* What the task requires *
What you write should be an exact repeat of the lines from the one with "Protect your table" through the final line below, minus the pictures.

* Supplied information *

....

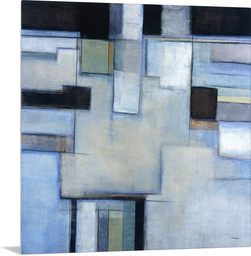 <p>A square abstract painting with square shapes in shades of blue.</p>
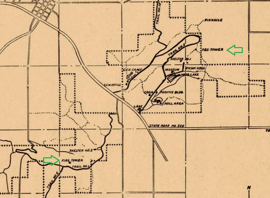 There was an original observation tower site — an old wooden tower — at a location in the northeast part of what was then Jackson County State Forest.
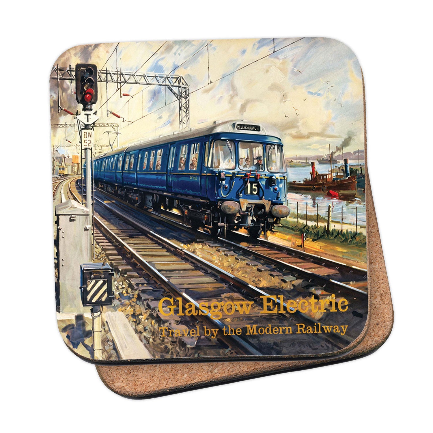 Protect your table surfaces with these durable cork coasters. Beautiful design of Glasgow Electric - Travel by the Modern Railway. Perfect for any Railway Posters enthusiast.
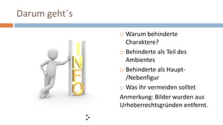 Der Vortrag von Domingos de Oliveira behandelt die Rolle von behinderten Charakteren im Storytelling, betont deren Potenzial als Haupt- oder Nebenfiguren und warnt vor Klischees. Behinderungen sollten in der Handlung relevant sein und realistisch dargestellt werden, um stereotype Darstellungen und moralische Überlegenheit zu vermeiden. Der Autor plädiert für eine differenzierte und menschliche Darstellung von behinderten Figuren, die nicht auf ihre Behinderung reduziert werden sollten.

....

* Result for this exercise *
 Protect your table surfaces with these durable cork coasters. Beautiful design of Glasgow Electric - Travel by the Modern Railway. Perfect for any Railway Posters enthusiast.
 Der Vortrag von Domingos de Oliveira behandelt die Rolle von behinderten Charakteren im Storytelling, betont deren Potenzial als Haupt- oder Nebenfiguren und warnt vor Klischees. Behinderungen sollten in der Handlung relevant sein und realistisch dargestellt werden, um stereotype Darstellungen und moralische Überlegenheit zu vermeiden. Der Autor plädiert für eine differenzierte und menschliche Darstellung von behinderten Figuren, die nicht auf ihre Behinderung reduziert werden sollten.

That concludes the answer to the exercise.